New operators opStaticIndex and friends

H. S. Teoh hsteoh at quickfur.ath.cx
Tue May 14 18:07:06 UTC 2019


On Tue, May 14, 2019 at 05:27:25PM +0000, angel via Digitalmars-d wrote:
[...]
> You say:
> int i = s[0]; // rewrites to s.opStaticIndex!(0), as 0 can be
> int j = s[i]; // rewrites to s.opIndex(i), as i cannot be read at
> compile-time
> 
> But actually, in this example, s[i] CAN be figured out at
> compile-time.  What is even more problematic is that the ability of
> the compiler to figure out the value of 'i' and s[i] at compile-time
> might depend on the optimization level, thus you cannot be sure
> whether s.opStaticIndex!(1) or s.opIndex(i) will be called.
[...]

I think you're being misled by the ambiguous term "compile-time", which
can refer to very different things.
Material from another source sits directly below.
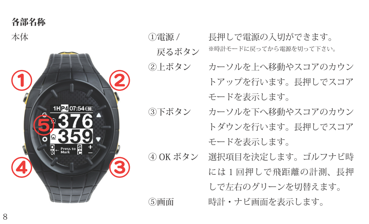 腕時計タイプ 製品概要 取扱説明書取説 よくあるご質問FAQ 時計の合わせ方 Shot Navi Watch マニュアル Shot Navi Watch の取扱説明書(PDFファイル)はこちら 更新方法はこちらをご覧ください ShotNaviファミリー現行機種 AIR EX 驚愕の軽さ&タッチパネル Evolve PRO Touch 最大級画面&タッチパネル搭載! Infinity グリーンを攻めろ! Evolve PRO 業界最大サイズディスプレイ! Granz 最小・最軽量カラーハンディ AIR 驚愕の軽さ&タッチパネル超コンパクト Crest フラグシップモデル新色登場 Evolve 屋外での視認性抜群!大人気ベストセラー BeyondLite カラー液晶&リーズナブル大好評販売中 HuG Beyond 屋外での視認性抜群!ベストセラー Neo2hp コンパクトな手持ち型音声案内やデカ文字機能も V2 ワンプッシュで音声案内!簡単・ラクラク操作 Laser Sniper ELUA サブLCD搭載高速計測、広視野ファインダー Voice Laser Red Leo 赤色OLEDで視認性抜群多数のプロが使用中 Laser Sniper nano 世界最小・最軽量級大好評販売中! Voice Laser Leo 音声操作で手ブレを軽減1000Y計測、高速測量 X1 Fit2 1000 手のひらにフィット!コンパクトながら1000Y計測

See:

	https://wiki.dlang.org/User:Quickfur/Compile-time_vs._compile-time

In D, indexing with a variable is not considered "compile-time" in the
sense of AST manipulation (see above article for definition), although
it *can* be evaluated in CTFE.  AIUI, opStaticIndex is intended to be
used at the AST manipulation phase, since the usual "runtime" array
indexing is already supported in CTFE.

This has nothing to do with optimization levels, which happens in
codegen, long past any meaningful usage of compile-time computation as
far as AST manipulation or CTFE is concerned.


T

-- 
Too many people have open minds but closed eyes.